Start at docs/gosentry/index.md for:
- a code/architecture map (features β files),
- the recommended dev loop (fast feedback),
- CI entrypoints and benchmark scripts.
This work is inspired by the previously developed go-panikint. It adds overflow/underflow detection for integer arithmetic operations and (optionally) type truncation detection for integer conversions. When overflow or truncation is detected, a panic with a detailed error message is triggered, including the specific operation type and integer types involved.
Arithmetic operations: Handles addition +, subtraction -, multiplication *, and division / for both signed and unsigned integer types. For signed integers, covers int8, int16, int32. For unsigned integers, covers uint8, uint16, uint32, uint64. The division case specifically detects the MIN_INT / -1 overflow condition for signed integers. int64 and uintptr are not checked for arithmetic operations.
Type truncation detection: Detects potentially lossy integer type conversions. Covers all integer types: int8, int16, int32, int64, uint8, uint16, uint32, uint64. Excludes uintptr due to platform-dependent usage. This is disabled by default.

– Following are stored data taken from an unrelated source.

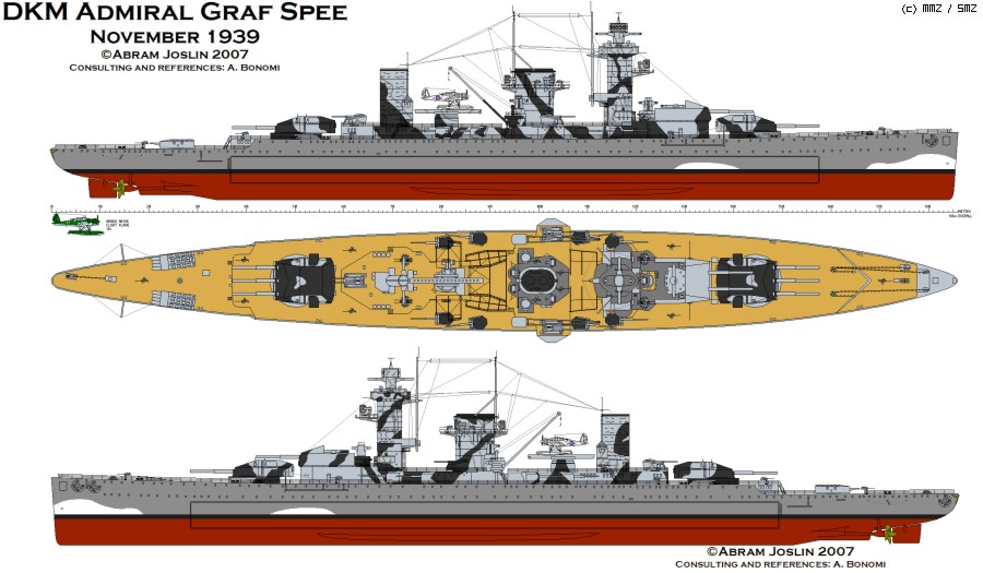 이 위장전함 형태는 1939년 11월, 그라프 슈페가 인도양과 남대서양에서 통상파괴전에 종사할 당시 영국해군의 추적을 뿌리치기 위해 영국식 위장미채를 그리고 가짜 포탑과 연돌까지 달아 영국 중순양함으로 일시적으로 위장한 형태입니다.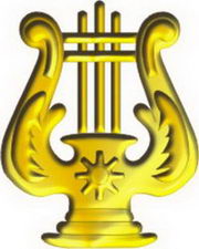 Емблема металева або пластмасова золотавого чи захисного кольору суцільноштампована у формі стилізованої ліри.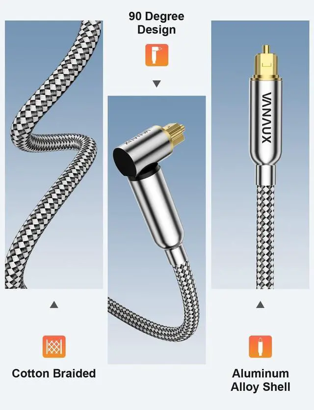 ^^ Premium Audio Quality: Enjoy crystal-clear audio transmission with our 90-degree angled fiber optic audio cable. Perfect for tight spaces, it delivers high fidelity sound without interference.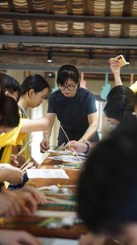 竹編傳承人陳師傅的指尖正翻飛著篾條,七八個(gè)孩子有樣學(xué)樣,將浸泡過的竹片編成小船燈骨架。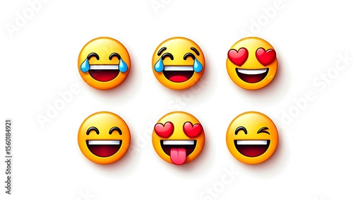 Six yellow emoji faces with different expressions arranged on a white background surface view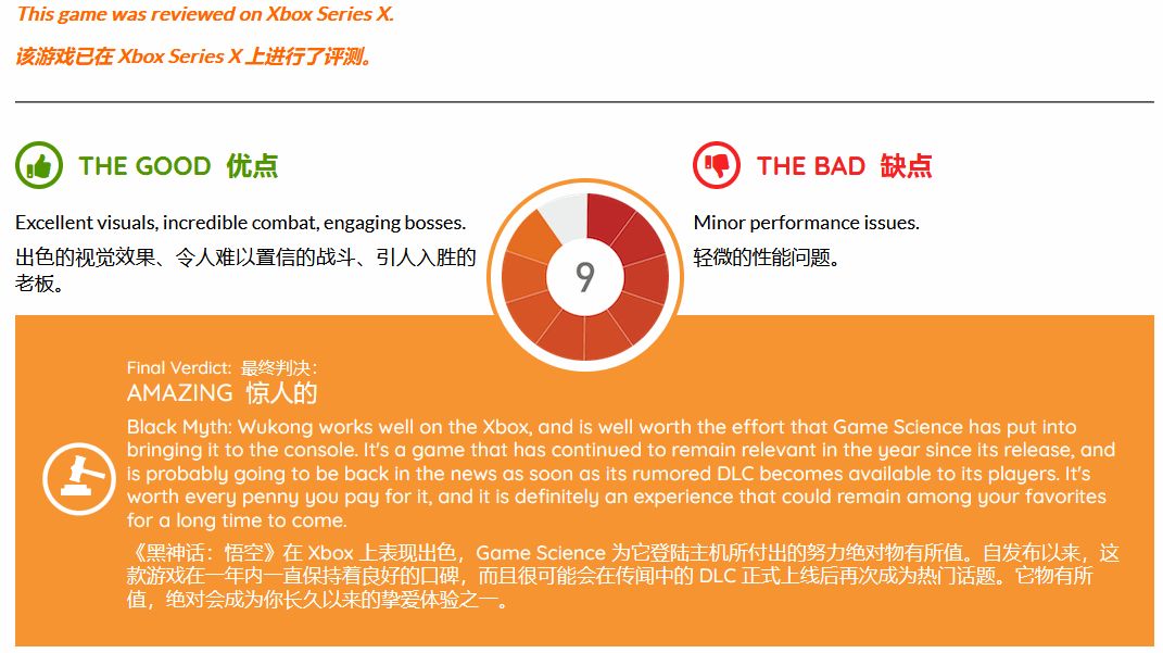 GamingBolt 於 2025-08-25 發佈了 Xbox Series X 版的評測,給出的總體語氣是高度肯定(頁面最終評語爲 “AMAZING” / 最終結論推薦)。評測作者強調:畫面、戰鬥和 Boss 設計都很出色,Xbox 版“總體上能把遊戲的各項體驗很好地帶上來”,值得入手,評測對象爲 Xbox Series X。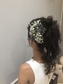 高さのあるポニーテールはカールをよりきれいにみせてくれます!シンプルですがサイドをデザインしてるので華やかさもでるスタイルです! ぜひご相談ください!

Overflow detection is enabled by default. To disable it, add GOFLAGS='-gcflags=-overflowdetect=false' before your ./make.bash. You can also enable truncation issues checker with: -gcflags=-truncationdetect=true
This feature patches the compiler SSA generation so that integer arithmetic operations and integer conversions get extra runtime checks that call into the runtime to panic with a detailed error message when a bug is detected. Checks are applied using source-location-based filtering so user code is instrumented while standard library files and dependencies (module cache and vendor/) are skipped.
You can read the associated blog post about it here.
Add a marker on the same line as the operation or the line immediately above to suppress a specific report:
- Overflow/underflow:
overflow_false_positive - Truncation:
truncation_false_positive
Example:
// overflow_false_positive
intentionalOverflow := a + b
// truncation_false_positive
x := uint8(big)
sum2 := a + b // overflow_false_positive
x2 := uint8(big) // truncation_false_positiveSometimes this might not work, that's because Go is inlining the function. If // overflow_false_positive isn't enough, add //go:noinline before the signature of your function.
When fuzzing targets, we may be interested in triggering a panic when certain functions are called. For example, some software may emit log.error messages instead of panicking, even though such conditions often indicate states that security researchers would want to detect during fuzzing.
However, these errors are usually handled internally (e.g., through retry or pause mechanisms, or by printing messages to logs), which makes them largely invisible to fuzzers. The objective of this feature is to address this issue.
Compile gosentry, then use the --panic-on flag.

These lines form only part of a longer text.